4. Dyskeratosis kongengital diwariskan secara resesif dan ditandai dengan serentetan perubahan
mulut yang pada akhirnya menyebabkan suatu atrofik, leukoplakik dari mukosa mulut
5. snuff-dippers keratosis ; Suatu daerah kuning berkerut pada lipatan mukosa gusi dan mukosa pipi
atau bibir dari rahang bawah adalah indicator penggunaan intraoral dari tembakau tanpa dibakar.
6. Liken planus merupakan suatu dermatosis yang relative sering terjadi pada kulit dan membrane
mukosa mulut
7. lupus erythematous ada dalam 3 bentuk :
Lupus eritematosus discoid kronis (CDLE) ,yang hanya mengenai kulit.
Lupus eritematosus sistemik (SLE) ,yang mengenai banyak system organ.
Lupus eritematosus kutan subakut ,yaitu suatu varian kutan dengan gejala-gejala sistematis ringan
8. displasia, Merupakan keadaan dimana sel-sel neolpastik terdapat pada seluruh lapisan epitel.
9. diskeratosis kongengital Etiologi dari diskeratosis kongenital ialah genetik.
10. sublingual keratosis digunakan untuk lesi putih yang terdapat di dasar mulut dan ventral dari
lidah.
11. sipilis leukoplakia. Seringkali disertai dengan dysplasia, hyperkeratosis dan akantosis.

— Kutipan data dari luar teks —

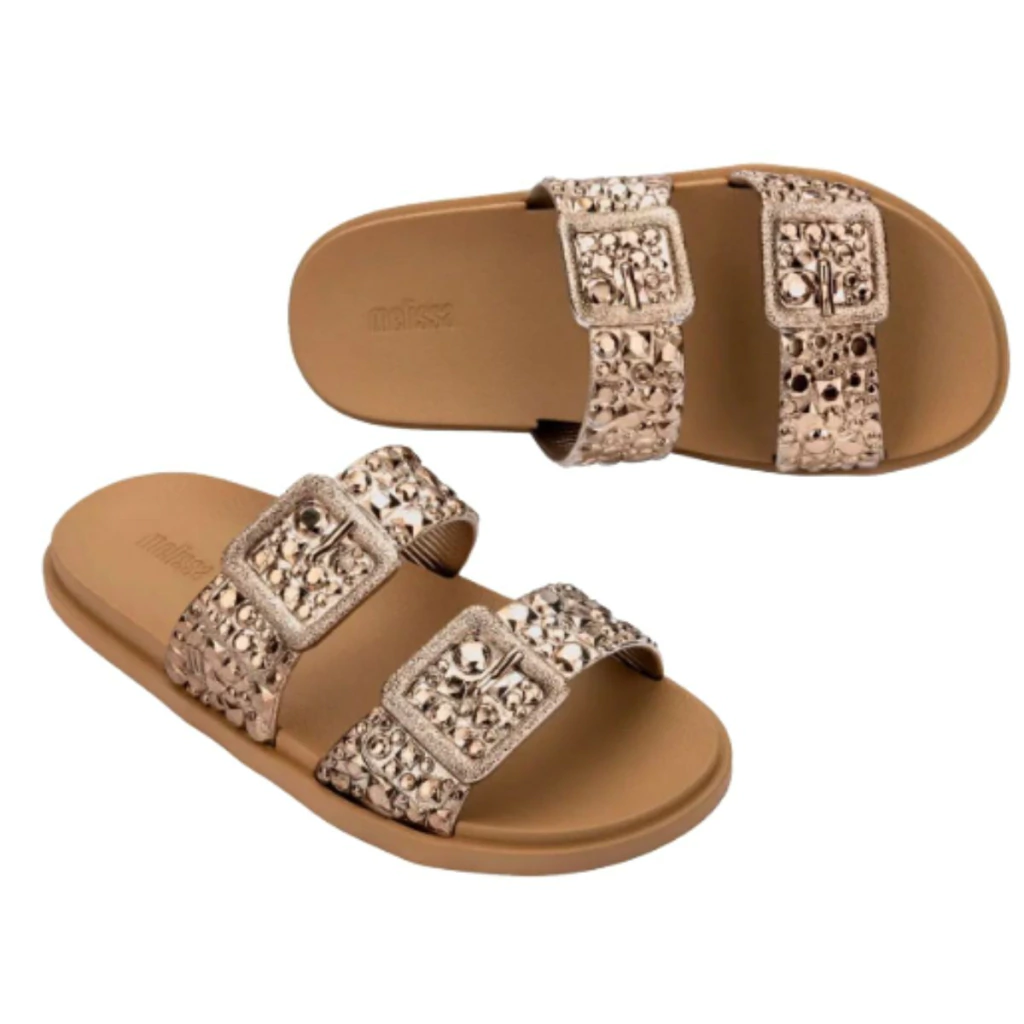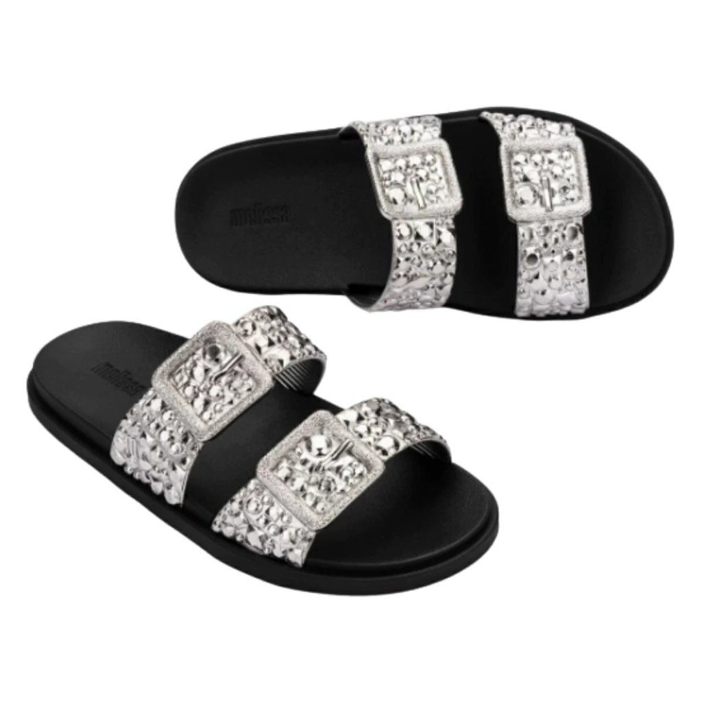 Melissa Lust Slide 35743 é uma sandália slide feminina que combina estilo e conforto. Com tiras ajustáveis e efeito cromado, ela é perfeita para compor looks casuais e descolados. Fabricada em Melflex®, material sintético patenteado, é 100% vegana, reciclável e possui o tradicional aroma de chiclete Melissa.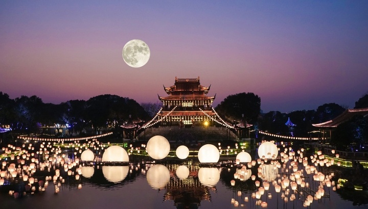 江蘇蘇州,水面圓形花燈與天上滿月相映成趣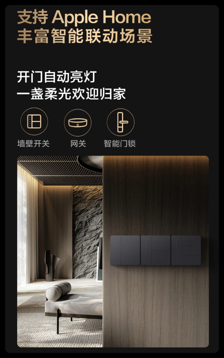 Aqara卡农 智能墙壁开关 Z1 Pro配合门锁、网关便可实现开门亮灯,关门关灯等场景,配合人体传感器实现人来灯亮、人走灯灭等场景……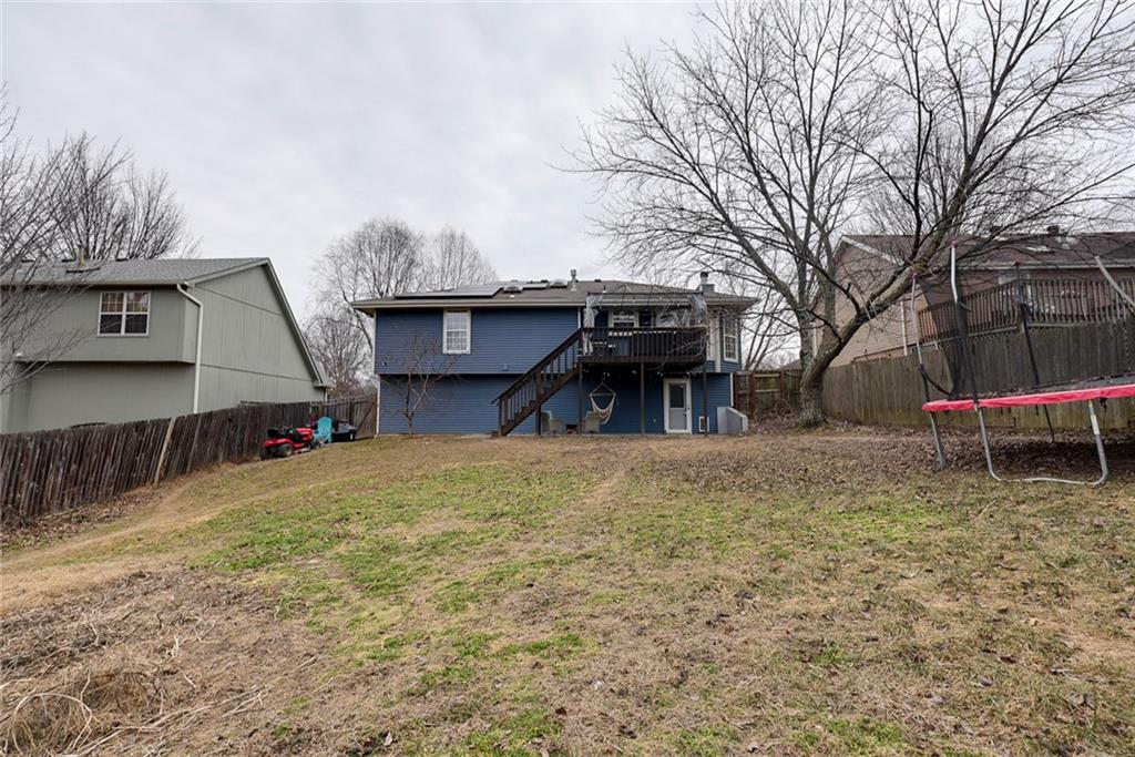 Welcome HOME to this spacious and sun-filled 3-bedroom, 2.5-bath beauty tucked away on a quiet cul-de-sac in the highly sought-after Blue Springs School District. Designed for both comfort and connection, this home features FRESH PAINT and thoughtfully laid-out main level with laundry conveniently located near all bedrooms and a generous primary suite complete with an en-suite bath and ample closet space. All bedrooms are well sized, offering room to grow, relax, and recharge. Natural light pours through large windows throughout the home, creating a bright and inviting atmosphere from morning to evening. The spacious dining room flows seamlessly into the light-filled living room and warm, welcoming kitchen, making it ideal for lively family gatherings and unforgettable conversations.The large high deck adds even more space for family and friends to enjoy the outdoors. Downstairs, enjoy a large second family room, a dedicated home office, and a walkout to the expansive, fully fenced backyard—perfect for entertaining, playtime, or peaceful evenings outdoors. Step outside to the large covered patio, extending your living space even further. The large fenced in yard gives ample space for kids and pets to safely run. This HOME is as SMART as it is Beautiful, featuring 15 solar panels for incredibly low electric bills and a reverse osmosis water system delivering clean, crisp, great-tasting water every day, not to mention some updates and fresh paint through the home. Location is hard to beat—walking distance to the elementary school, just a block or two from multiple parks and soccer fields and walking trails and minutes from dining, shopping, and entertainment, and quick highway access while still feeling tucked away in a hidden neighborhood. A RARE blend of space, efficiency, location, and lifestyle—this is the kind of home where MEMORIES are made and futures are built. COME CHECK IT OUT TODAY!!!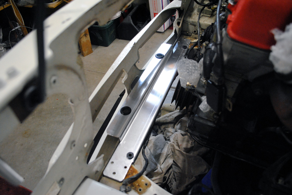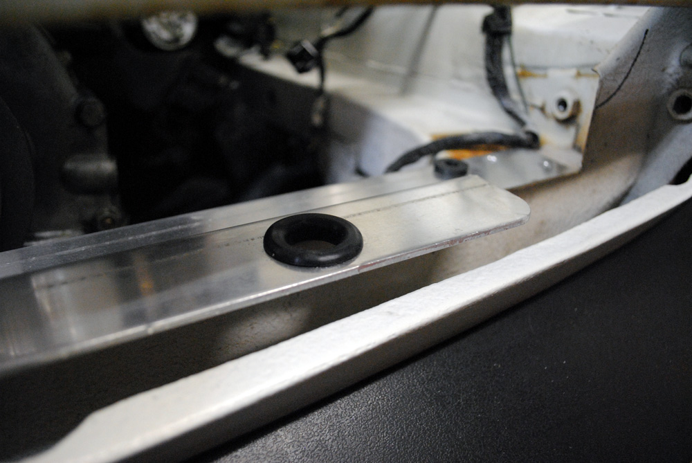 The mounting plate dropped into it’s rough position. The smaller rubber o-rings locate a pair of dowels underneath the radiator, while the larger ones locate the threaded inserts found on most generic intercoolers.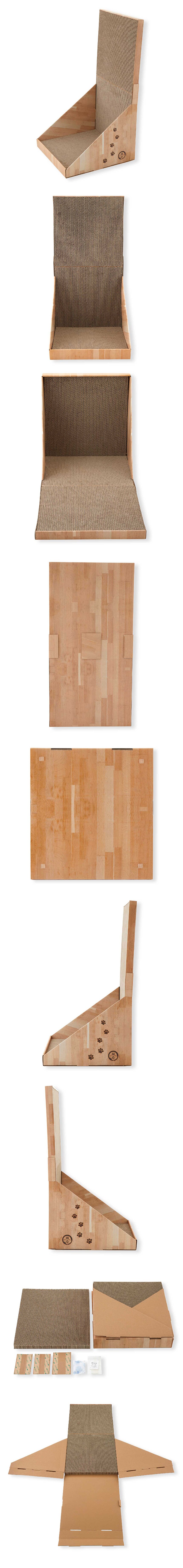 ・原料は100%紙のダンボールを使用。うち10%はニュージーランド産の原パルプ紙を使用。品質の良いダンボールを使用しているので、つめとぎ後のとぎカスも少なくなっています。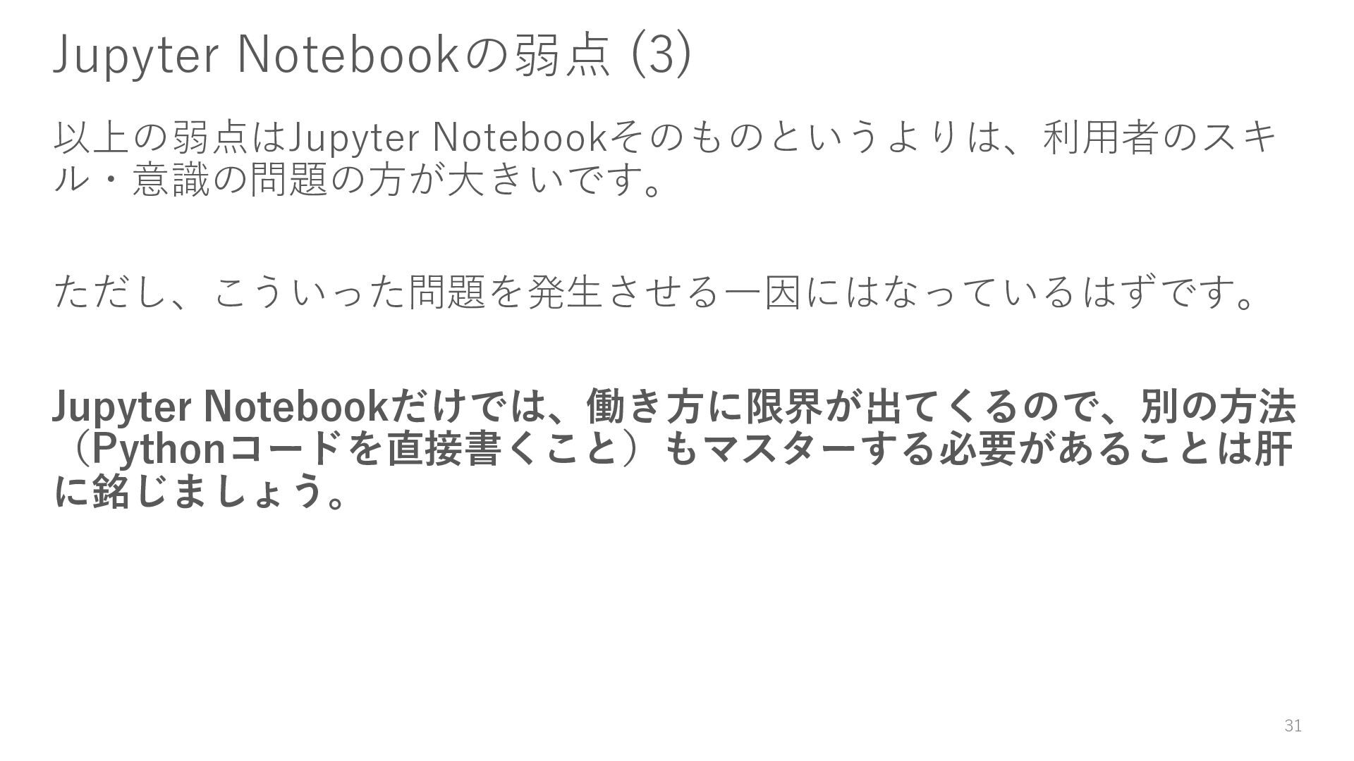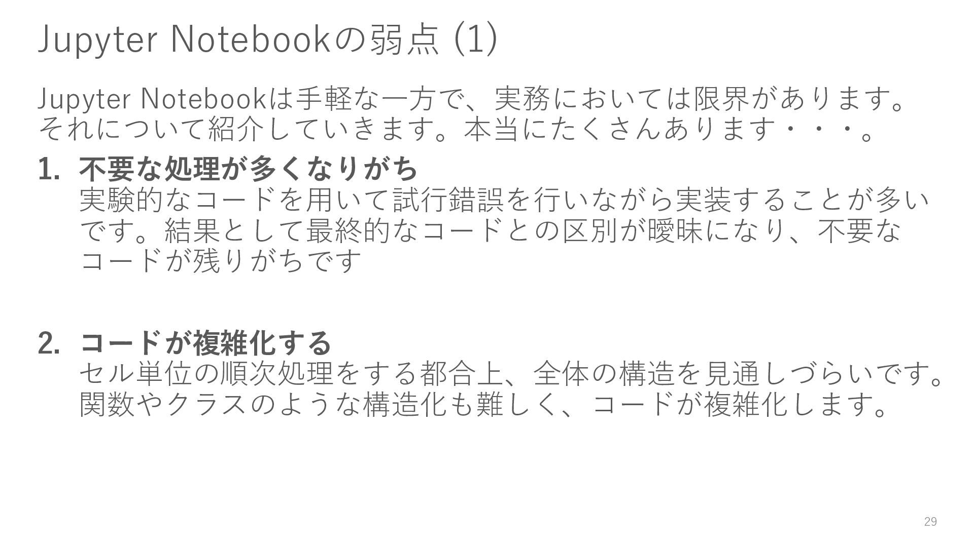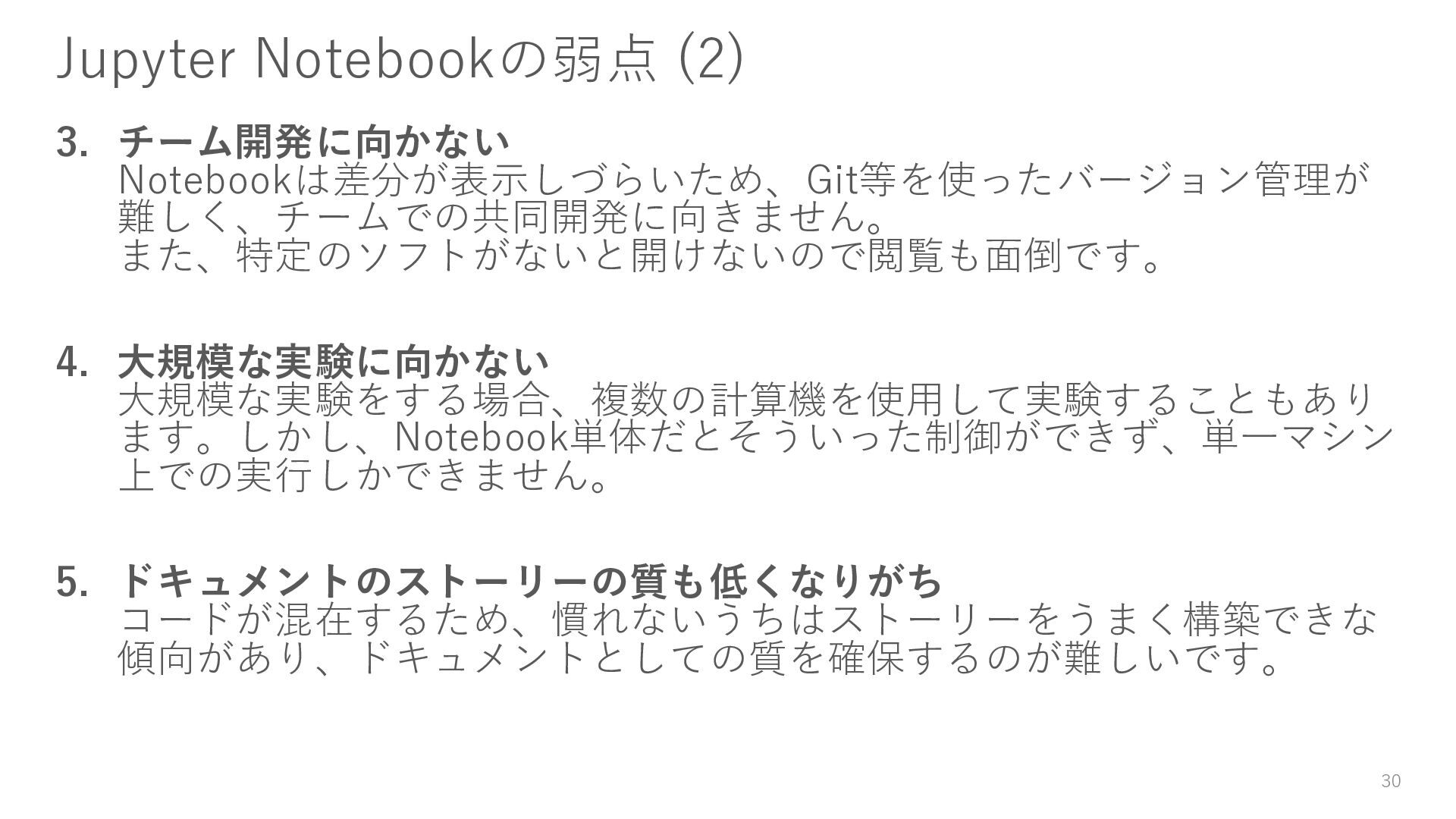 大規模な実験をする場合、複数の計算機を使用して実験することもあり ます。しかし、Notebook単体だとそういった制御ができず、単一マシン 上での実行しかできません。 5. ドキュメントのストーリーの質も低くなりがち コードが混在するため、慣れないうちはストーリーをうまく構築できな 傾向があり、ドキュメントとしての質を確保するのが難しいです。 30

Sel-sel
radang yang terdapat ialah sel plasma, giant sel, dan granuloma.
12. Karsinoma in situ arti katanya adalah kanker yang masih berada pada tempatnya, merupakan
kanker dini yang belum menyebar atau menyusup keluar dari tempat asalnya.
13. Eritroplakia didefinisikan sebagai bercak merah seperti beludru, menetap, yang tidak dapat
digolongkan secara klinis sebagai keadaan lain manapun.